Pork Chops with Red Cabbage
Total time: 35 minutes
With the cabbage already made, this becomes an easy midweek dinner.
- 12oz (360gr) boneless pork chops or slightly more if bone-in
- 1 onion
- 1 - 2 cups cooked red cabbage
- 2 tsp olive oil
- 1/4 cup beef stock
- Chop onion.
- Heat oil in medium nonstick skillet over medium heat. Add onion and sauté until tender, about 5 minutes.
- Add pork chops, pushing onion off to the sides of the pan, and brown on both sides - about 5 minutes per side.
- Add beef stock and scrape up any browned bits on the bottom of the pan.
- Add cabbage, stir to combine with onions, reduce heat to low, cover and simmer 20 minutes, until pork chops are tender and done, stirring cabbage once or twice. Serve.
If you want to make the cabbage:
Total time: 60 minutes
This is a wonderful, colorful side dish for fall and winter. Red cabbage is the perfect, and traditional, accompaniment to game, roast goose and duck. I also think it goes beautifully with pork. This will make enough for 2 or 3 meals (maybe more, depending on the size of the head). It freezes well if you have more than you want for this week. Just thaw and reheat!
- 1 medium - large head, red cabbage, 2 1/2 - 3lbs (1250 - 1500gr)
- 1 apple, Golden Delicious or Granny Smith
- 3oz (100gr) bacon, 3 - 4 slices
- 1 large onion
- 1/2 cup (4oz, 120ml) red wine
- 1/2 cup (4oz, 120ml) red wine vinegar - or cider
- 1/2 cup (4oz, 120ml) beef stock
- 1/2 cup (4oz, 120ml) apple juice
- 2 tbs brown sugar
- Slice the bacon into thin strips. Sauté bacon over medium-high heat in a large saucepan, Dutch oven or soup pot, big enough to easily hold the all of the cabbage.
- Chop the onion and add to the bacon.
- Shred the cabbage by cutting a slice off of the side of the head, lay the slice cut side down and cut into 4ths, then, cutting across, slice 1/8 inch thick. Do not use the core of the cabbage - you'll recognize it when you see it.

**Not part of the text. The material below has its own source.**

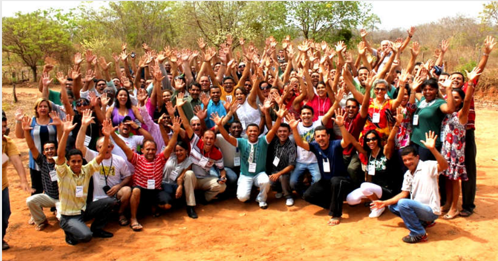
106 participantes - Jornada Haggai no Piauí

- When bacon is brown and onion tender add everything but the apple. Stir well.
- Cover, reduce heat to low after about 5 minutes and simmer for 30 minutes.
- Peel and chop the apple and add to the cabbage. Simmer another 15 - 20 minutes or until cabbage is very tender. It can be kept, covered, over low heat until needed, up to an hour longer.